- [TASK STATEMENT]: Retype only the lines below from the one with "穿梭行走于树林间,一只只身手" to the one with "Tvar srdce je", inclusive, skipping every image.
# # # # #
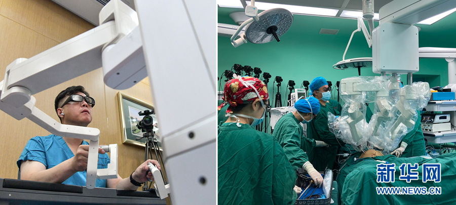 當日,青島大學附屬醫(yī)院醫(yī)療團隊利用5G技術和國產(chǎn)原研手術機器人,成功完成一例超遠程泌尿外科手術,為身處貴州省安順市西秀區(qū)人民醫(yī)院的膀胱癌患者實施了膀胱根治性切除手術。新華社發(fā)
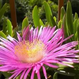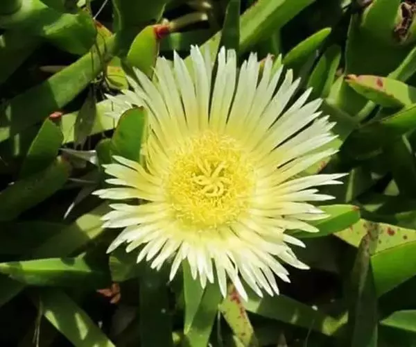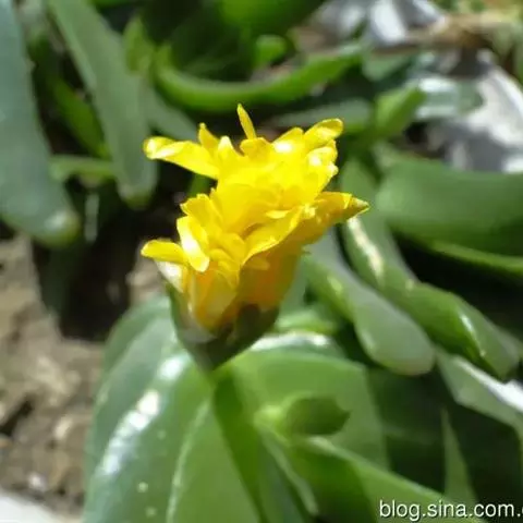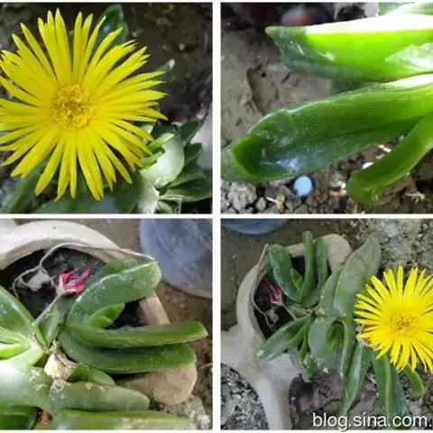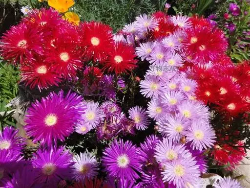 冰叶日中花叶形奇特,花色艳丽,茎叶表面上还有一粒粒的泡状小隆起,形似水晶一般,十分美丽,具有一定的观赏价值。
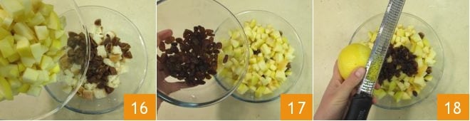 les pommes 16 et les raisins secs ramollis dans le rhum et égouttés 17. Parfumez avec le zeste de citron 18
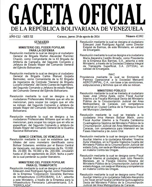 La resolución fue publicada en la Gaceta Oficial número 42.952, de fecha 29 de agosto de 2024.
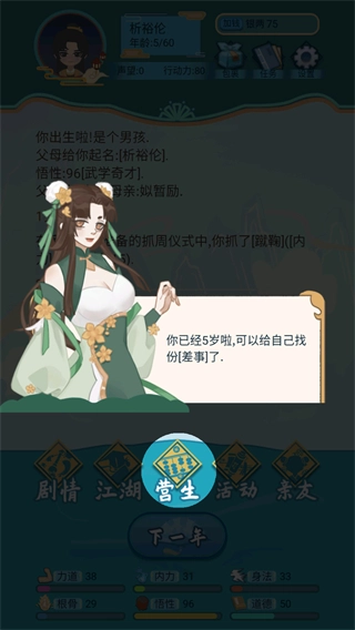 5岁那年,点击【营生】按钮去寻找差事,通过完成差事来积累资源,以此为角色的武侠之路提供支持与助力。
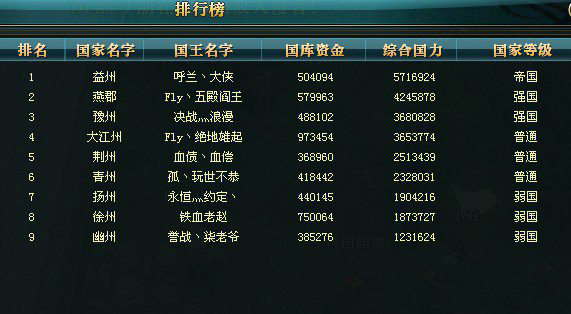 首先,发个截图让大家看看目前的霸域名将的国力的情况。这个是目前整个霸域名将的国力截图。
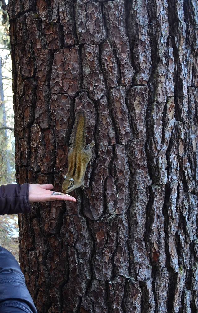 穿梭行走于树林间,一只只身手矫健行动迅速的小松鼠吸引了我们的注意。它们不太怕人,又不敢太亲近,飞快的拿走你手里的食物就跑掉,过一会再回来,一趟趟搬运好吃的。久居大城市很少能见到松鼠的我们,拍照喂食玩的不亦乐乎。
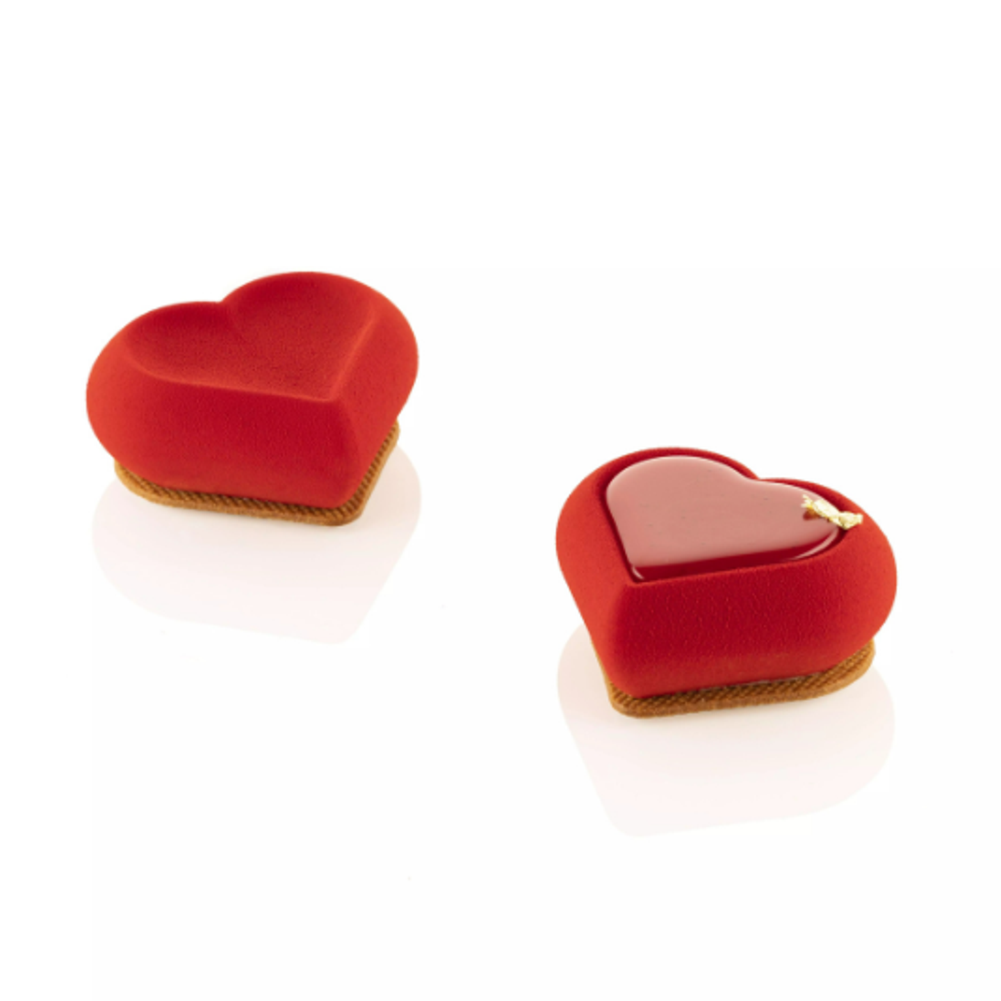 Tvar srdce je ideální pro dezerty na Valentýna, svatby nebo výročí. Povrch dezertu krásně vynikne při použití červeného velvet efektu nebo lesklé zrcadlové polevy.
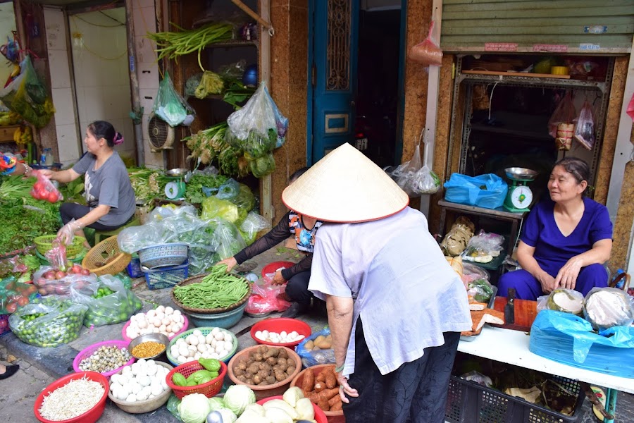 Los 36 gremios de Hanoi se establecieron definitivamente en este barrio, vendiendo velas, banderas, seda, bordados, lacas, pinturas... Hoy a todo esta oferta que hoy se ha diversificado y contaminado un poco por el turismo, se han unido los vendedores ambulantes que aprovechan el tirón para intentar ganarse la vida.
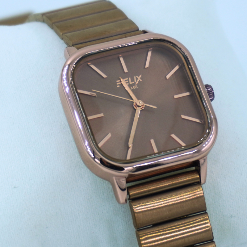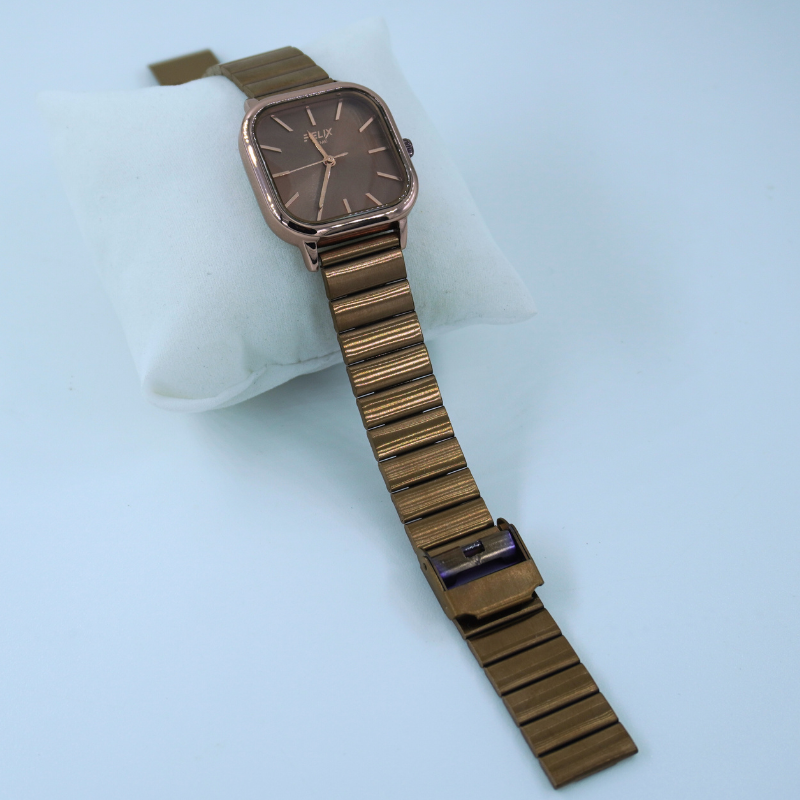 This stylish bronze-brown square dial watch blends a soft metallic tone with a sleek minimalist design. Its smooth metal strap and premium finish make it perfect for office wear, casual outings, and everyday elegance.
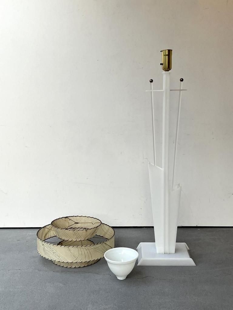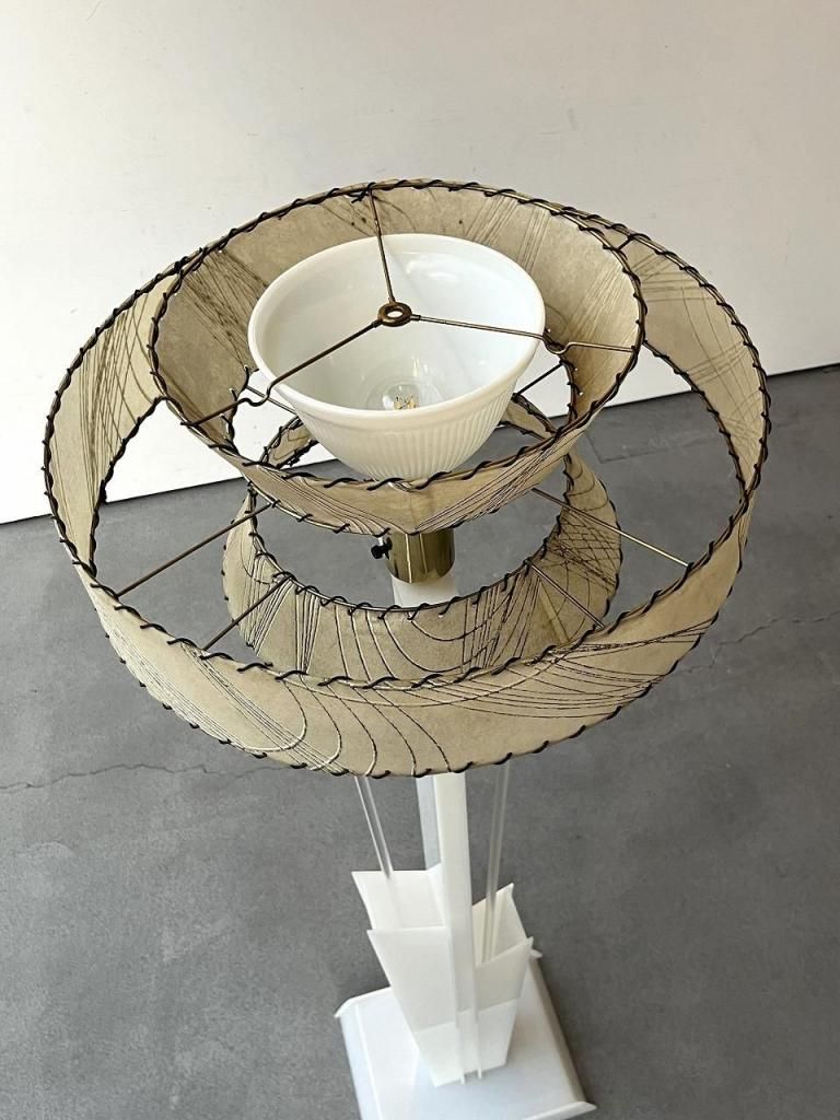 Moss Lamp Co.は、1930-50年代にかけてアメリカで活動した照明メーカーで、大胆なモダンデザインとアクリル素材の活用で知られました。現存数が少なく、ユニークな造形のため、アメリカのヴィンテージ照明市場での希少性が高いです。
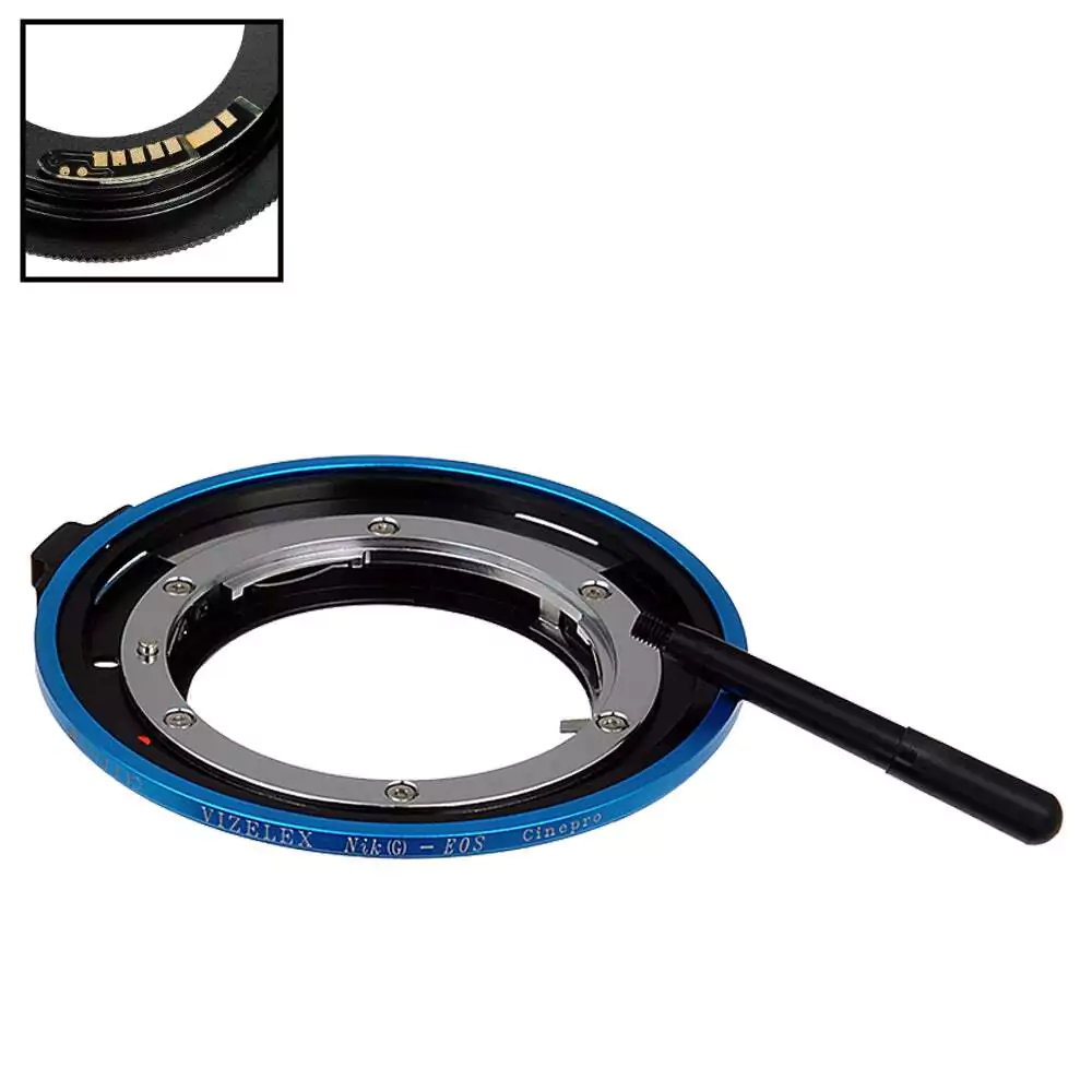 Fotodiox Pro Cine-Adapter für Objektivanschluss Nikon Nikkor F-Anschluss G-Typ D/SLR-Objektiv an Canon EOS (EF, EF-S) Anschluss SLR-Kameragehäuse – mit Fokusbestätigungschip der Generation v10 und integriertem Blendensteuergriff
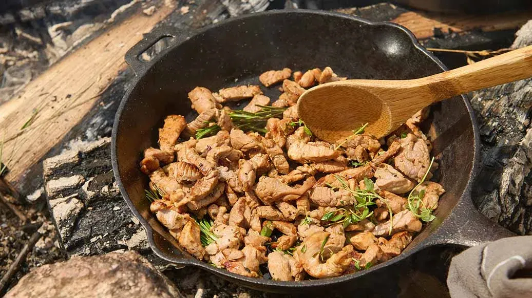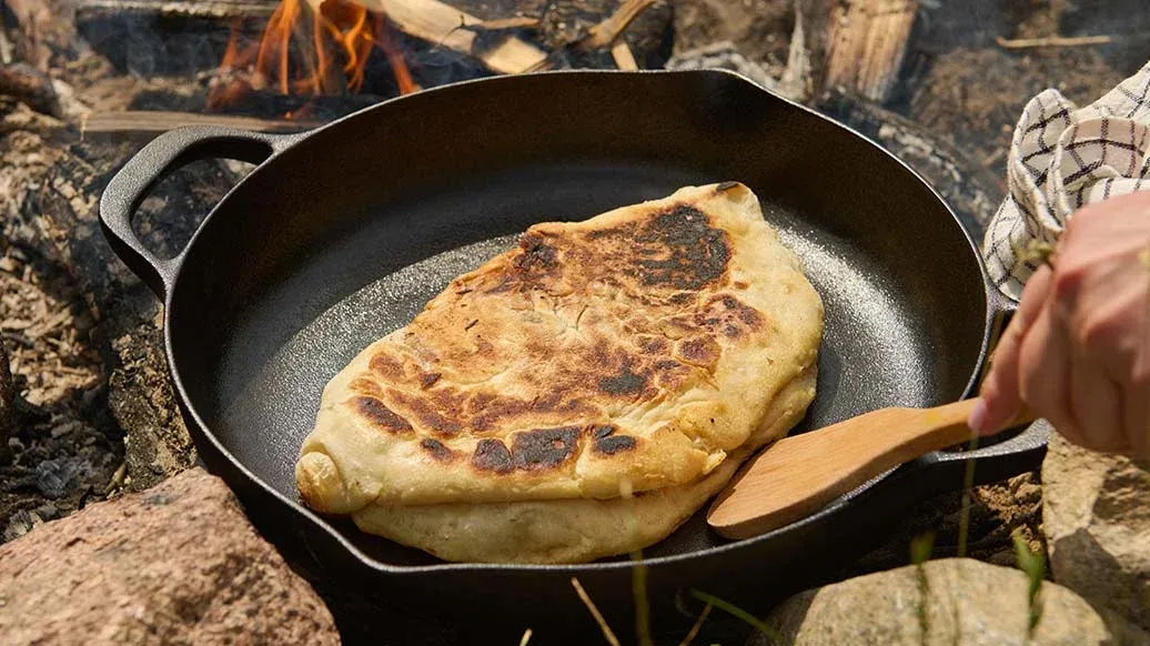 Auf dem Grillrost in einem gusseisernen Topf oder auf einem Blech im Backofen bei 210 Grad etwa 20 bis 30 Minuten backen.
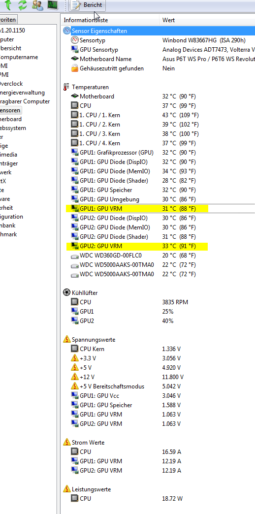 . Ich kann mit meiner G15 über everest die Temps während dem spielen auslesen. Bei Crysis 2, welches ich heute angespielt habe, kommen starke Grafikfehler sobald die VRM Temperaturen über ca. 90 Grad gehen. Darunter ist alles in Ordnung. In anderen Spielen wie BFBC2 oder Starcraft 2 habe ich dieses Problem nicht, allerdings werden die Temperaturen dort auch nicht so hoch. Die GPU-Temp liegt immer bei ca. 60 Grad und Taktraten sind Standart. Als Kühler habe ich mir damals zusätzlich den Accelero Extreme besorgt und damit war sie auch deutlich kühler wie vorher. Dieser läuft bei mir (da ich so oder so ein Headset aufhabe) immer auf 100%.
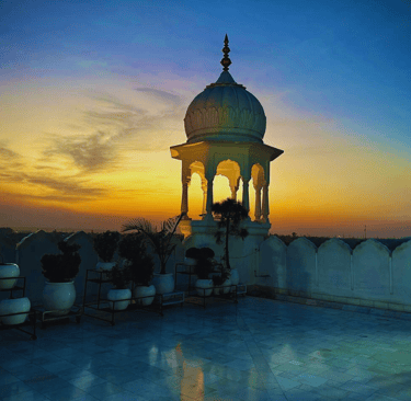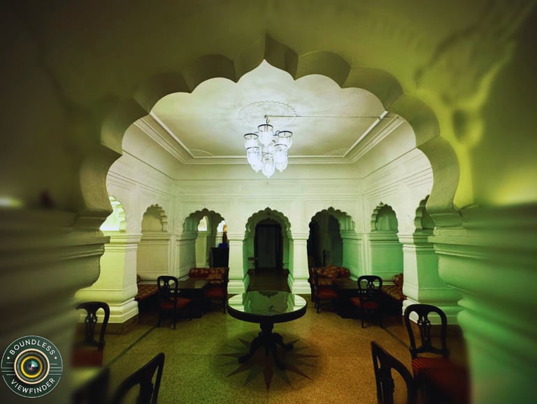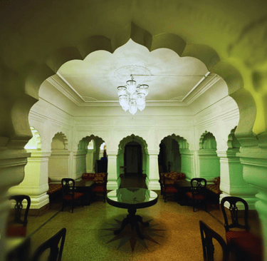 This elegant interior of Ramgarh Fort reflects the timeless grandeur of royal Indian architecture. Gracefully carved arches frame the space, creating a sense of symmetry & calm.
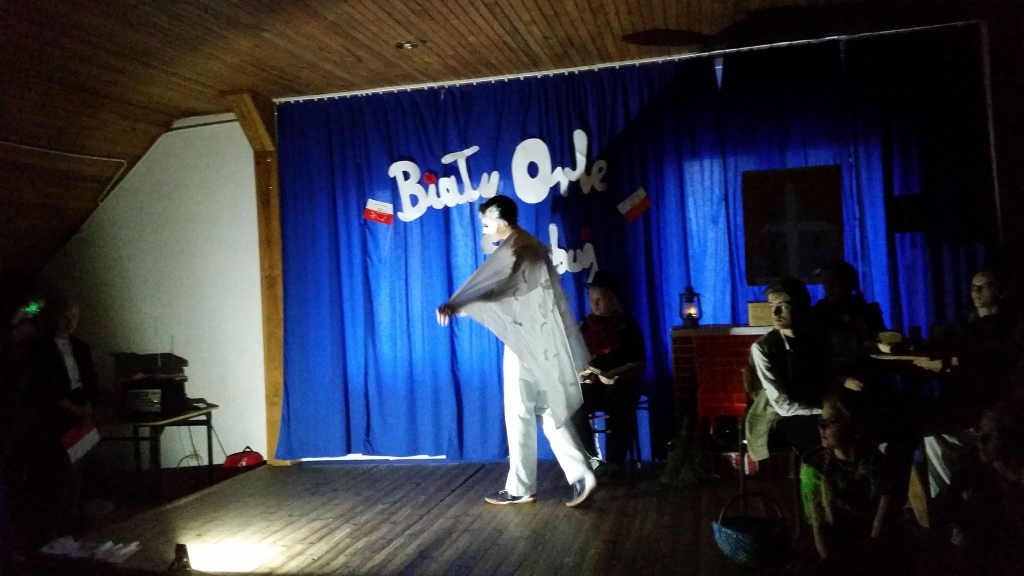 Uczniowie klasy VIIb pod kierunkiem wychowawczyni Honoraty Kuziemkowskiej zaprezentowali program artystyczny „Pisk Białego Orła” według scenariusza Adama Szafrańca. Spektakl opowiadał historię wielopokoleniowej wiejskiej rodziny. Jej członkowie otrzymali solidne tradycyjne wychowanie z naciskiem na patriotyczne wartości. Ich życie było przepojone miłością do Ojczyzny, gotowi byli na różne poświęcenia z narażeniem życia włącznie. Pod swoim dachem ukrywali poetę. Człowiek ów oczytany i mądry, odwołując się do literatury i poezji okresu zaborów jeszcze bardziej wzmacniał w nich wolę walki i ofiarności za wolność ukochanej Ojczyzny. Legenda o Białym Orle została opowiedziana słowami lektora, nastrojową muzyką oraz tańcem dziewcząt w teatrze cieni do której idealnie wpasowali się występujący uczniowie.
# # # # #
- [TASK SOLUTION]:
 穿梭行走于树林间,一只只身手矫健行动迅速的小松鼠吸引了我们的注意。它们不太怕人,又不敢太亲近,飞快的拿走你手里的食物就跑掉,过一会再回来,一趟趟搬运好吃的。久居大城市很少能见到松鼠的我们,拍照喂食玩的不亦乐乎。
 Tvar srdce je ideální pro dezerty na Valentýna, svatby nebo výročí. Povrch dezertu krásně vynikne při použití červeného velvet efektu nebo lesklé zrcadlové polevy.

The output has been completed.